Pictures do not belong in the copy; transcribe everything else in the records exactly.

● ● ● ● ● ● ●

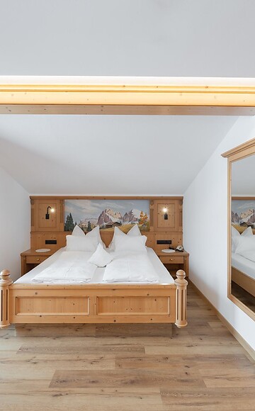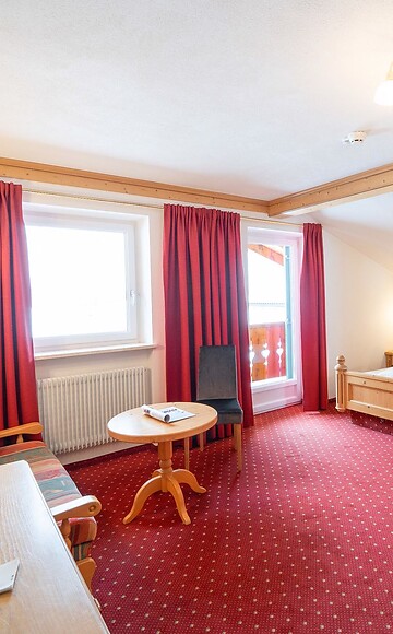 Double room, balcony with mountain view, living corner, bathroom, WC, shower, hairdryer, bathrobe; TV, hotel room safe, phone
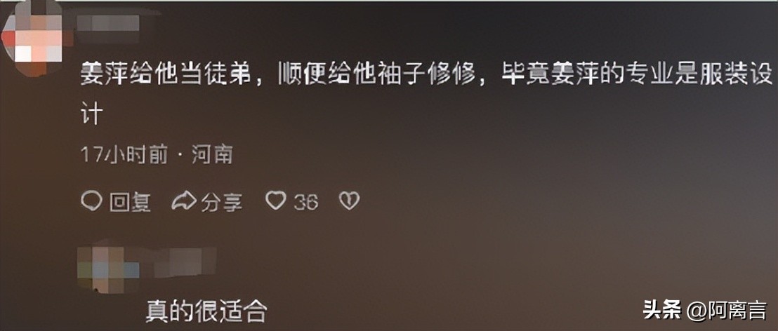 还有一些网友联想到姜萍和韦神的情况,提出了有意思的看法,他们认为,姜萍可以做韦神的徒弟,这样的话,姜萍也可以顺便给韦神缝补一下袖子,毕竟姜萍是专业的。
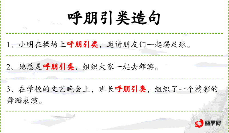 - 呼朋引类:call on friends and gather like-minded people,意为召集朋友和志同道合的人。
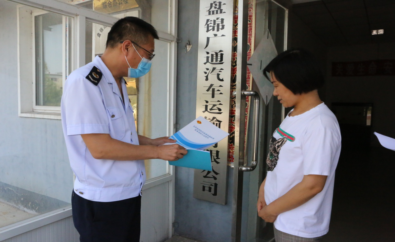 2020年8月,国家税务总局盘锦辽东湾新区税务局税源一股同志们走访了重点帮扶企业盘锦广通汽车运输有限公司。向企业发放了“税务帮扶”税费优惠政策指引汇编等宣传材料,并对疫情期间的税收优惠政策进行了详细讲解。
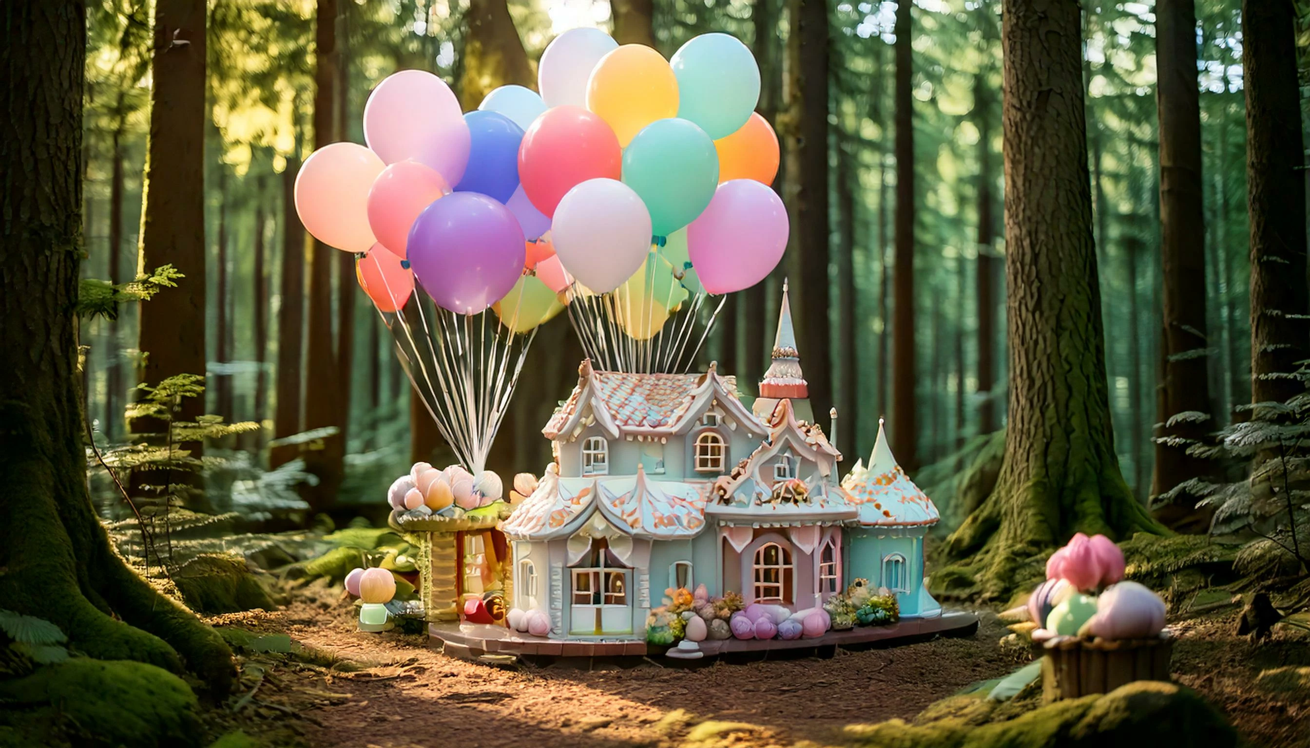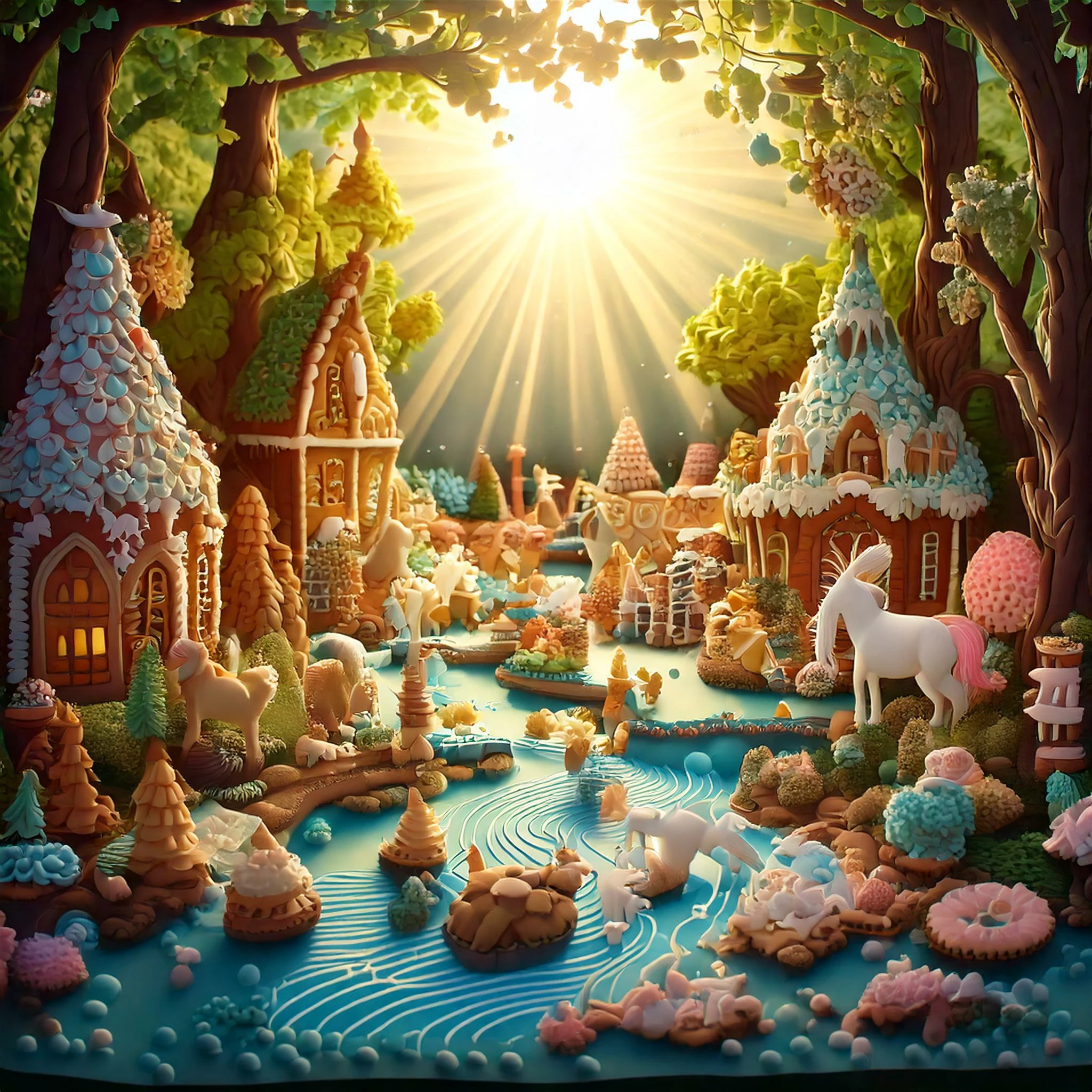 Firefly An enchanting bakery made of cookies in a forest made of frosted cake with animals drinking from chocolate rivers
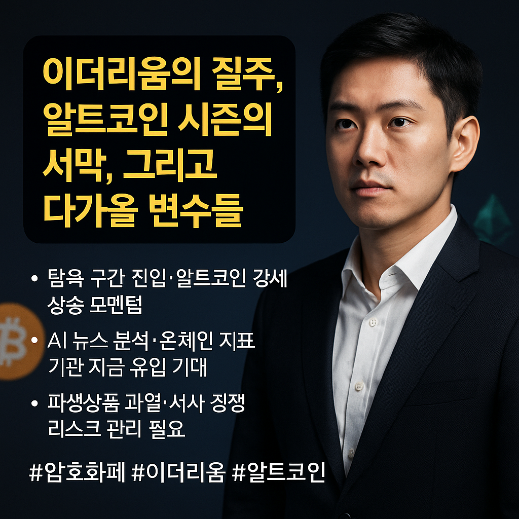 2025년 8월 현재, 암호화폐 시장은 '레버리지에 기반한 탐욕' 상태에 있습니다. 이더리움을 필두로 한 강력한 내러티브가 알트코인 시장의 상승을 견인하고 있지만, 파생상품 시장의 과도한 레버리지는 시장을 외부 충격에 취약하게 만듭니다. 비트코인은 변동성을 줄이고 제도권 자산으로 자리매김하며 생태계의 안정적인 닻 역할을 하고 있으며, 진정한 의미의 '크립토 리스크'와 그에 따른 고수익의 기회는 알트코인 생태계로 이전되었습니다.
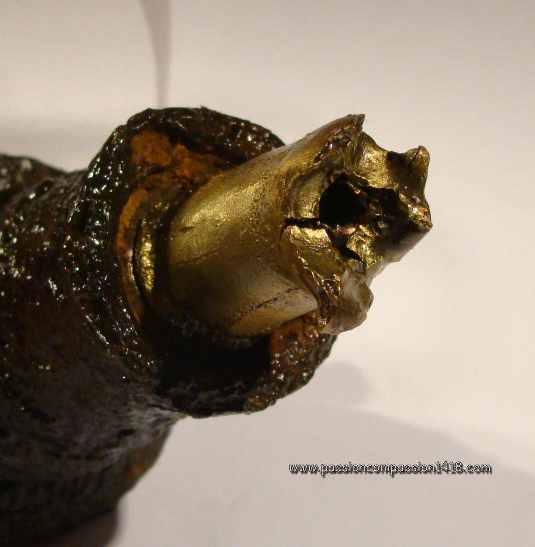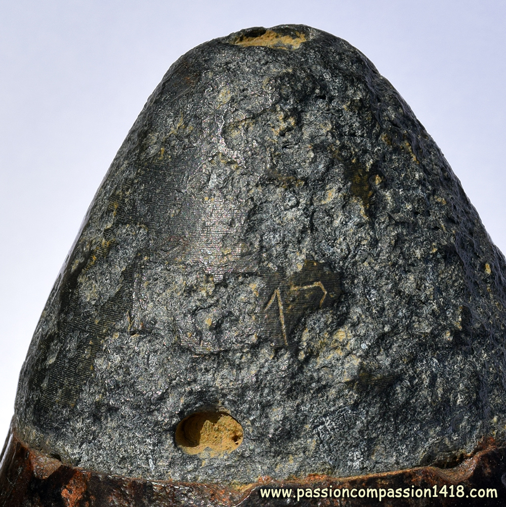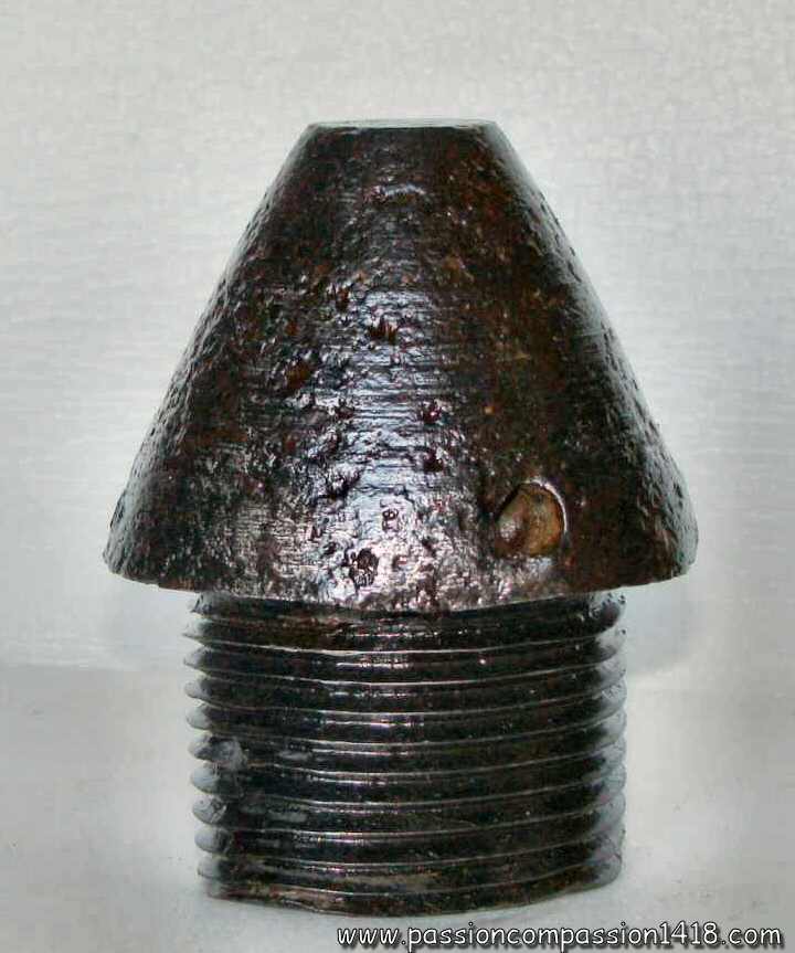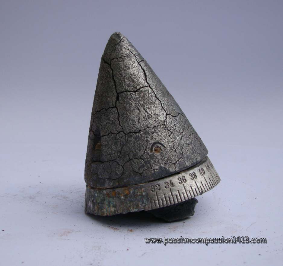 fuze Gr Z 04. Another specimen with markings 'Gr Z 04 Sp15 - E3177 - O/V - M/V - 48 - 18 - 99 - 17 - B70 - 81'. Note the narrowed section at the threading level, caused by the pressure of the explosion. |
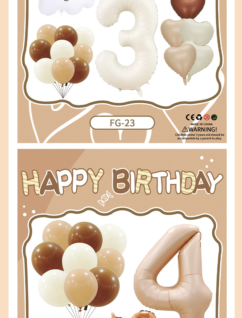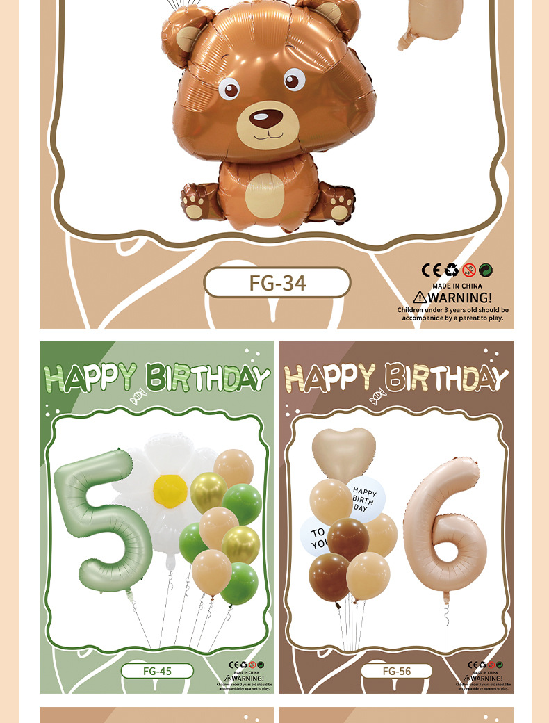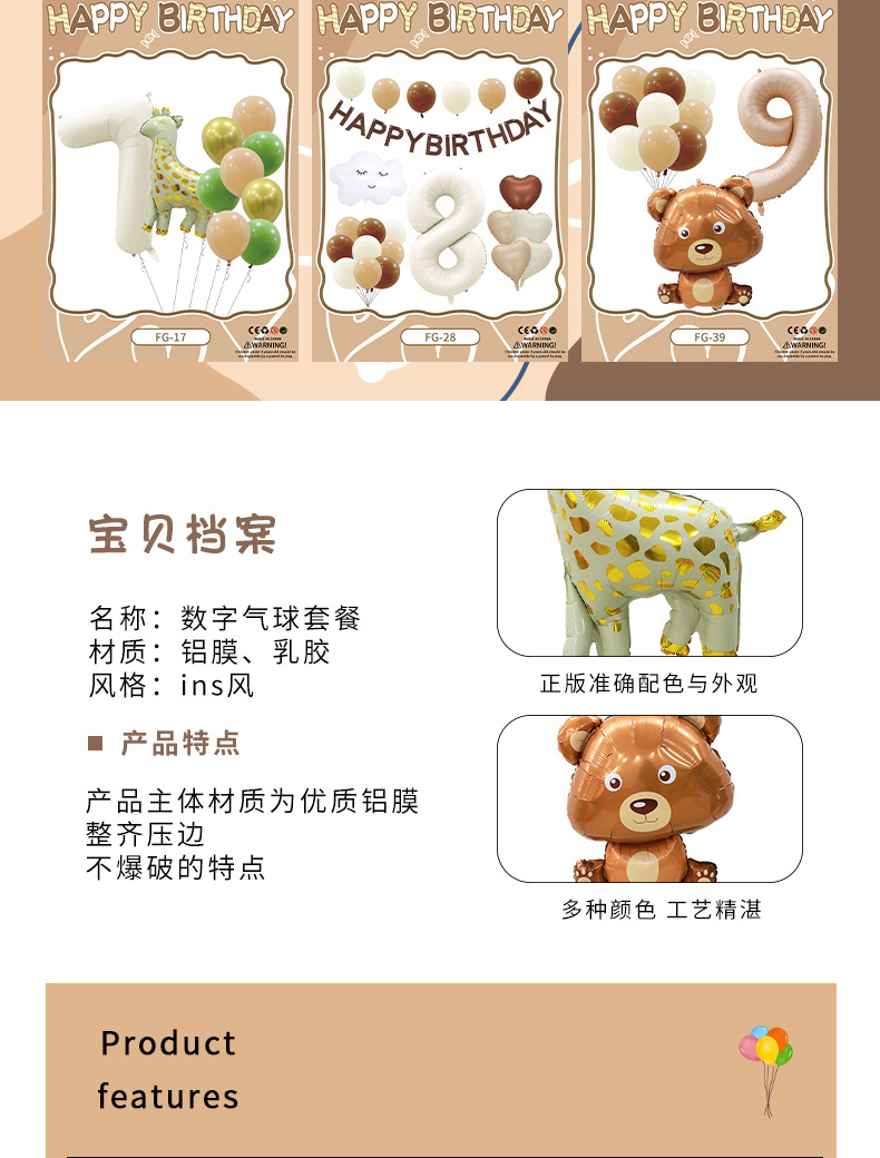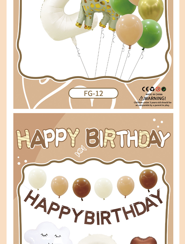 에 빈티지 크림 진한 베이지 알루미늄 필름 디지털 생일 세트 만화 동물 조합 백 카드 단일 풍선 도매스토어 가기
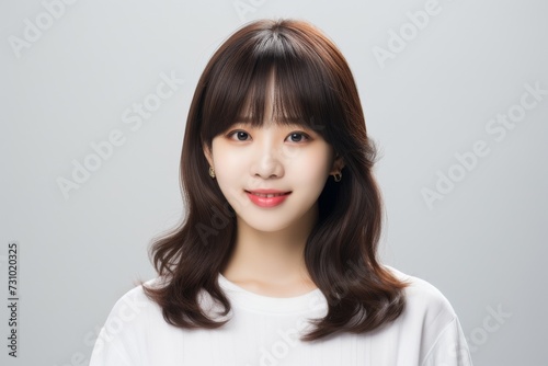 an exuberant and delightful Asian woman wears a white t-shirt, radiating joy as she showcases her smile on a blank white background. Generative AI.
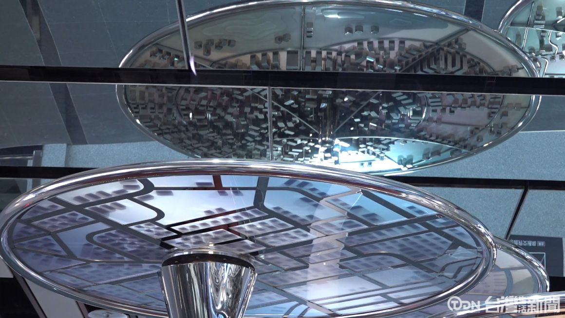 ▲「運轉城市」裝置藝術作品的圓盤輪流轉動,就像車站客運來來去去一樣/記者 李晉仰攝
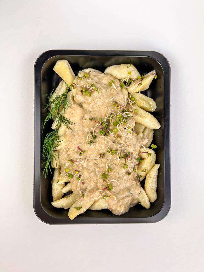 gnocchi, mleko, pieczarki, śmietana 30% tłuszczu, cebula biała, woda, koperek, sól, pieprz, czosnek, kiełki buraka
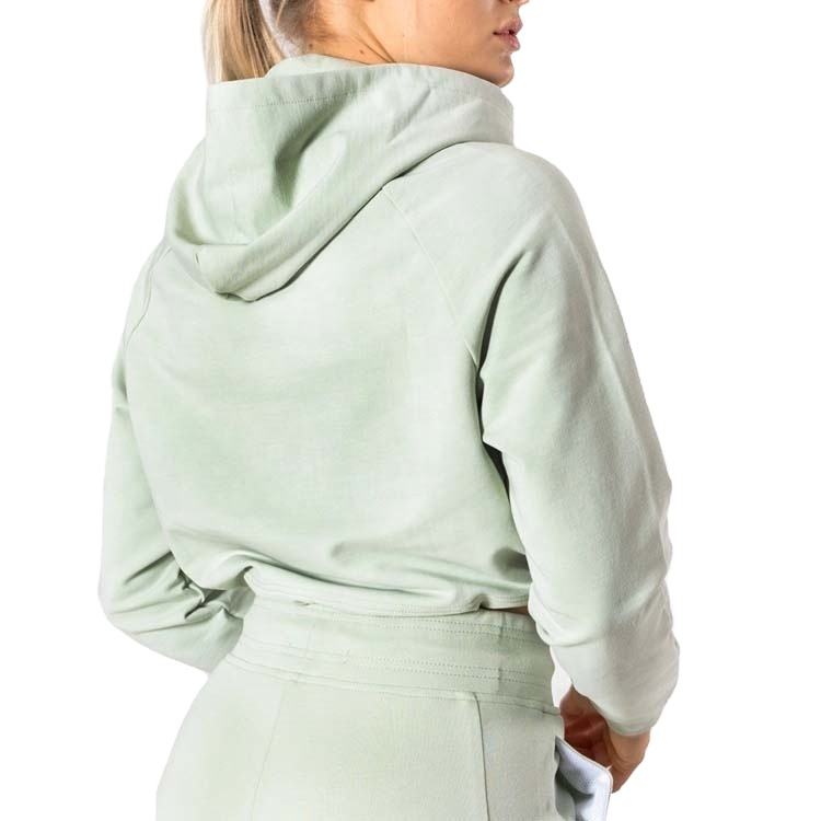 Women's Dusty Mint Cropped Hoodie | Adjustable Canvas Gym Fitness Sportswear | Clean Design Workout Top Customizable Color Front
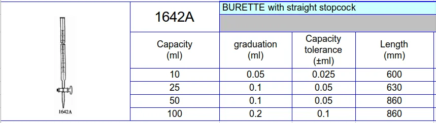 | Model Number: | 1642A; | Supply Ability: | 5000 Piece/Pieces per Week for glass burette; |
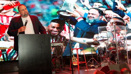 Ο πρόεδρος του Ολυμπιακού τιμήθηκε από τον σύνδεσμο φιλάθλων της ομάδας στη Νέα Υόρκη, ενώ ήταν και το κεντρικό πρόσωπο στην εκδήλωση του Συνδέσου Φιλάθλων Ολυμπιακού Νέας Υόρκης.
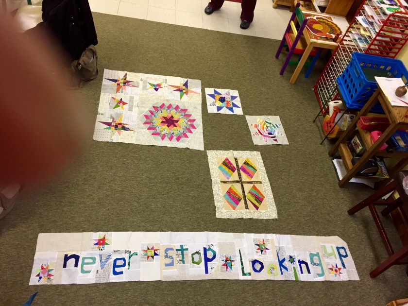 Becca Babb-Brott added the “never stop looking up” to Nancy Wright’s “star” quilt. And, the selvage star on the right. Joann more added the “made fabric” star in blues–a la Victoria Findlay Wolfe. I hope some of you have iPads and will look at these stars close up. I promise to get close ups next go round. This quilt is certain to get more celestial blocks.

● ● ● ● ● ● ●

## PROBLEM SOLUTION
 Double room, balcony with mountain view, living corner, bathroom, WC, shower, hairdryer, bathrobe; TV, hotel room safe, phone
 还有一些网友联想到姜萍和韦神的情况,提出了有意思的看法,他们认为,姜萍可以做韦神的徒弟,这样的话,姜萍也可以顺便给韦神缝补一下袖子,毕竟姜萍是专业的。
 - 呼朋引类:call on friends and gather like-minded people,意为召集朋友和志同道合的人。
 2020年8月,国家税务总局盘锦辽东湾新区税务局税源一股同志们走访了重点帮扶企业盘锦广通汽车运输有限公司。向企业发放了“税务帮扶”税费优惠政策指引汇编等宣传材料,并对疫情期间的税收优惠政策进行了详细讲解。
 Firefly An enchanting bakery made of cookies in a forest made of frosted cake with animals drinking from chocolate rivers
 2025년 8월 현재, 암호화폐 시장은 '레버리지에 기반한 탐욕' 상태에 있습니다. 이더리움을 필두로 한 강력한 내러티브가 알트코인 시장의 상승을 견인하고 있지만, 파생상품 시장의 과도한 레버리지는 시장을 외부 충격에 취약하게 만듭니다. 비트코인은 변동성을 줄이고 제도권 자산으로 자리매김하며 생태계의 안정적인 닻 역할을 하고 있으며, 진정한 의미의 '크립토 리스크'와 그에 따른 고수익의 기회는 알트코인 생태계로 이전되었습니다.
 fuze Gr Z 04. Another specimen with markings 'Gr Z 04 Sp15 - E3177 - O/V - M/V - 48 - 18 - 99 - 17 - B70 - 81'. Note the narrowed section at the threading level, caused by the pressure of the explosion. |
 에 빈티지 크림 진한 베이지 알루미늄 필름 디지털 생일 세트 만화 동물 조합 백 카드 단일 풍선 도매스토어 가기
 an exuberant and delightful Asian woman wears a white t-shirt, radiating joy as she showcases her smile on a blank white background. Generative AI.
 ▲「運轉城市」裝置藝術作品的圓盤輪流轉動,就像車站客運來來去去一樣/記者 李晉仰攝
 gnocchi, mleko, pieczarki, śmietana 30% tłuszczu, cebula biała, woda, koperek, sól, pieprz, czosnek, kiełki buraka
 Women's Dusty Mint Cropped Hoodie | Adjustable Canvas Gym Fitness Sportswear | Clean Design Workout Top Customizable Color Front
 | Model Number: | 1642A; | Supply Ability: | 5000 Piece/Pieces per Week for glass burette; |
 Ο πρόεδρος του Ολυμπιακού τιμήθηκε από τον σύνδεσμο φιλάθλων της ομάδας στη Νέα Υόρκη, ενώ ήταν και το κεντρικό πρόσωπο στην εκδήλωση του Συνδέσου Φιλάθλων Ολυμπιακού Νέας Υόρκης.
 Becca Babb-Brott added the “never stop looking up” to Nancy Wright’s “star” quilt. And, the selvage star on the right. Joann more added the “made fabric” star in blues–a la Victoria Findlay Wolfe. I hope some of you have iPads and will look at these stars close up. I promise to get close ups next go round. This quilt is certain to get more celestial blocks.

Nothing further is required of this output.